PROMPT |
Entries below include pictures. Output exactly the lines from the one with "Stilux Milano의 크롬" down to the one with "Consultada sobre el", both ends included, and leave the pictures out.

STORED DATA |
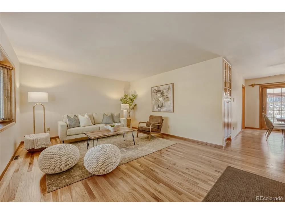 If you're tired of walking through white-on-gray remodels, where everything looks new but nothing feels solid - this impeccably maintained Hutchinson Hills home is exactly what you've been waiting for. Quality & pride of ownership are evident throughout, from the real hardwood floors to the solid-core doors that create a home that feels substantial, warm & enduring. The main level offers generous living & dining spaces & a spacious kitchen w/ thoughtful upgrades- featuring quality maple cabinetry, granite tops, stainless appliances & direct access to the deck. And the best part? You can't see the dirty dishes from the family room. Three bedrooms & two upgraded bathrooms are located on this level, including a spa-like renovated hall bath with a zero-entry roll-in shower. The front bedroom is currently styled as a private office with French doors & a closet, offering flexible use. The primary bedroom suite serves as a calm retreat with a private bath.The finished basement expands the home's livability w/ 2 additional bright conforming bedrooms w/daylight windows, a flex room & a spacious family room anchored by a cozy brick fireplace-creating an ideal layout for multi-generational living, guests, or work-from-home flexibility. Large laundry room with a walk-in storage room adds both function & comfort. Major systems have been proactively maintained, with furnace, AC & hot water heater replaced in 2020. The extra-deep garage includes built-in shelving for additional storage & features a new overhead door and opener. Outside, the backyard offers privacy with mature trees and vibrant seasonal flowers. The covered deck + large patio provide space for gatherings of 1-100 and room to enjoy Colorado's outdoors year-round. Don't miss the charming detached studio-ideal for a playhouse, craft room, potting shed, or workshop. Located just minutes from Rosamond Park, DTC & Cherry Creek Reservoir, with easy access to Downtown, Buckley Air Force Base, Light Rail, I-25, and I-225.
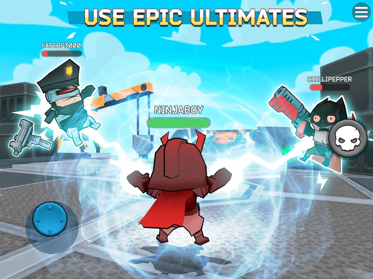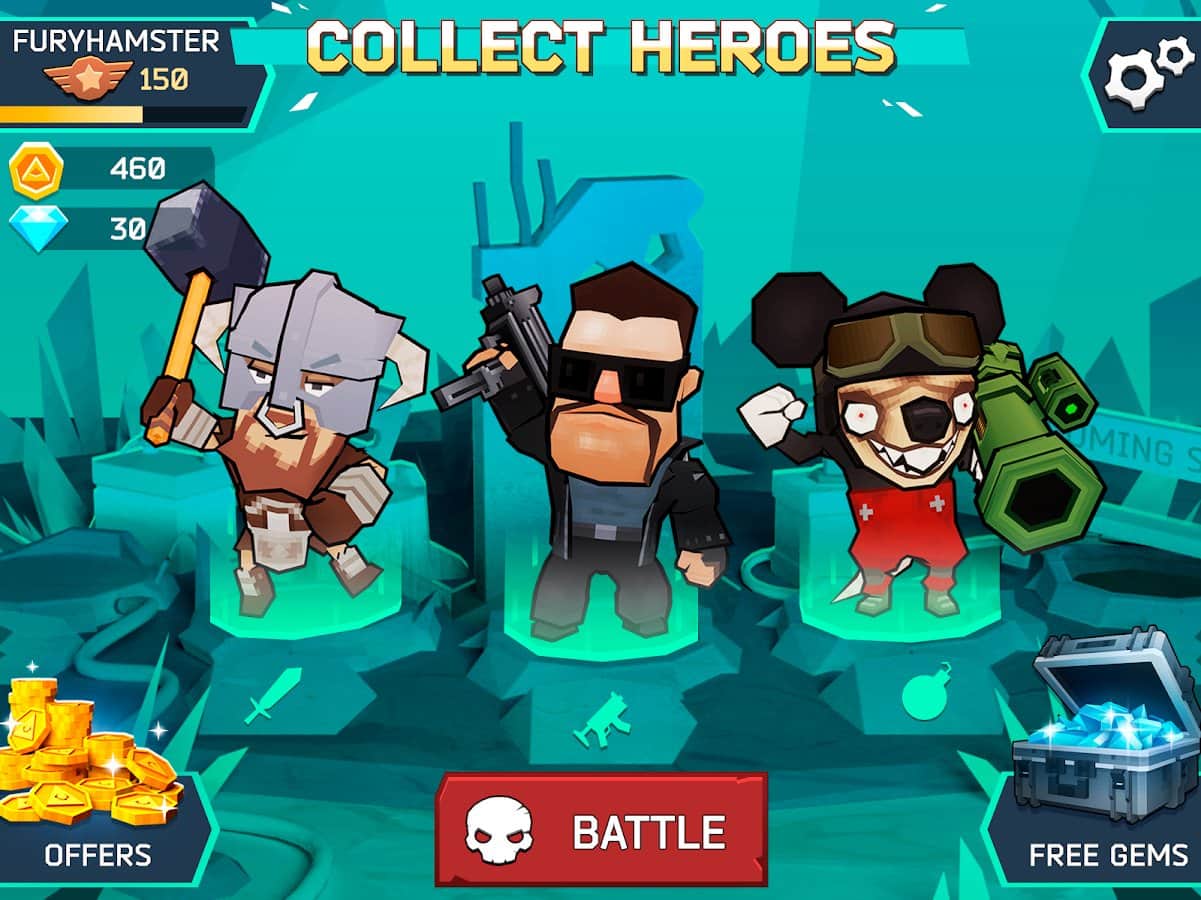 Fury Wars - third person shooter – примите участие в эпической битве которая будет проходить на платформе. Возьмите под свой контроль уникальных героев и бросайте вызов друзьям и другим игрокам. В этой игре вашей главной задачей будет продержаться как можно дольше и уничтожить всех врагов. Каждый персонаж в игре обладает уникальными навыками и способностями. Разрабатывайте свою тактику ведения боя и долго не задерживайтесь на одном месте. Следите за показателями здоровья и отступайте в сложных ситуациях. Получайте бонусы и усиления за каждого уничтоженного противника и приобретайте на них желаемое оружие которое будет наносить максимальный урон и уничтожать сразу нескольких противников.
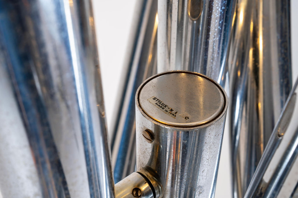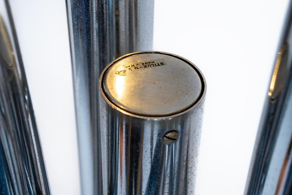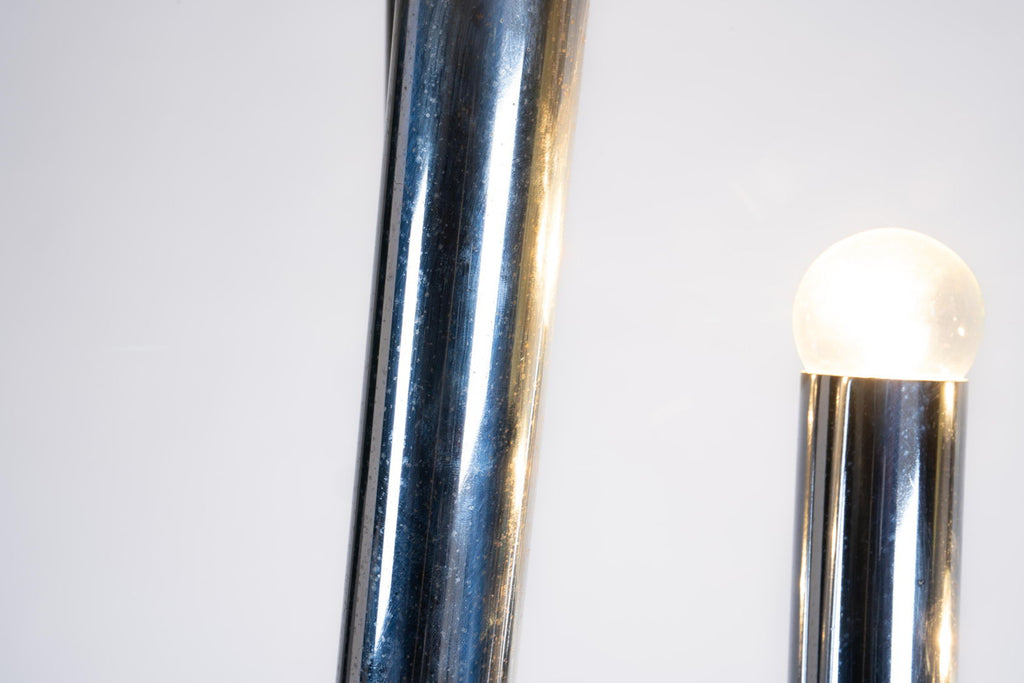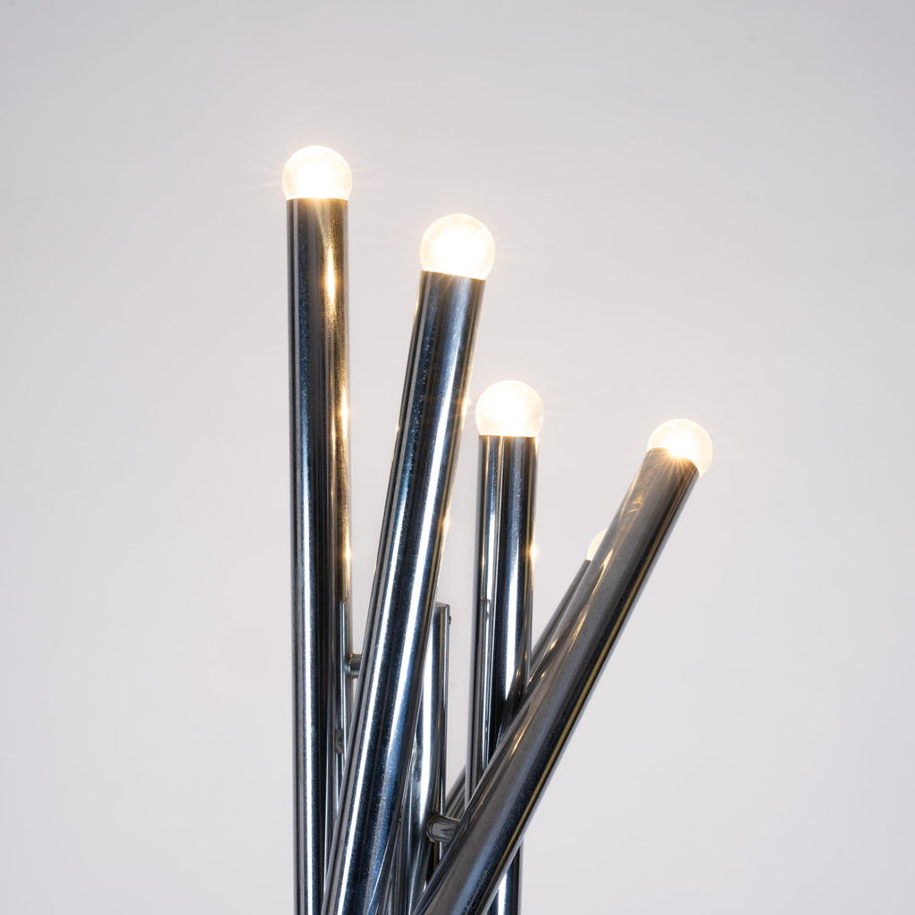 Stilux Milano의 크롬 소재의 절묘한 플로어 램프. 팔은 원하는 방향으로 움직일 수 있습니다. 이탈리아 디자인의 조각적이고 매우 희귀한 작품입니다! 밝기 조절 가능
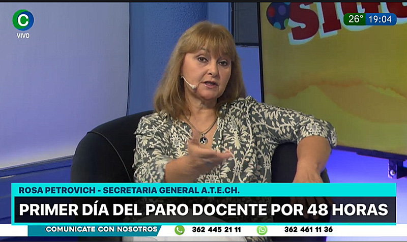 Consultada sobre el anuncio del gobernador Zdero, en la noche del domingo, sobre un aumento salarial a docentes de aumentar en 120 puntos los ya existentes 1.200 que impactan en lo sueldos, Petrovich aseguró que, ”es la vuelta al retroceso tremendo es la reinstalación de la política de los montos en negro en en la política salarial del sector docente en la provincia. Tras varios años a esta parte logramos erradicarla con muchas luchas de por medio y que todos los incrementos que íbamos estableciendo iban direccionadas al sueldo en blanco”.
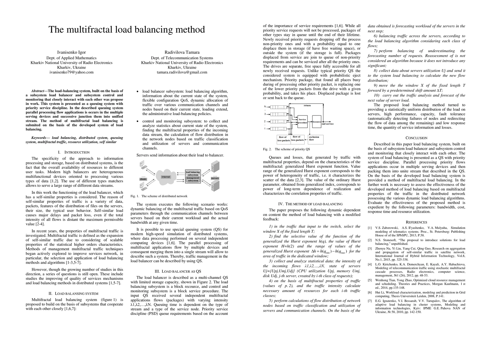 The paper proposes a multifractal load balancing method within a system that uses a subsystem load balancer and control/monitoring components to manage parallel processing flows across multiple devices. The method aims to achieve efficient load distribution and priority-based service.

SOLUTION TO THE EXERCISE |
 Stilux Milano의 크롬 소재의 절묘한 플로어 램프. 팔은 원하는 방향으로 움직일 수 있습니다. 이탈리아 디자인의 조각적이고 매우 희귀한 작품입니다! 밝기 조절 가능
 Consultada sobre el anuncio del gobernador Zdero, en la noche del domingo, sobre un aumento salarial a docentes de aumentar en 120 puntos los ya existentes 1.200 que impactan en lo sueldos, Petrovich aseguró que, ”es la vuelta al retroceso tremendo es la reinstalación de la política de los montos en negro en en la política salarial del sector docente en la provincia. Tras varios años a esta parte logramos erradicarla con muchas luchas de por medio y que todos los incrementos que íbamos estableciendo iban direccionadas al sueldo en blanco”.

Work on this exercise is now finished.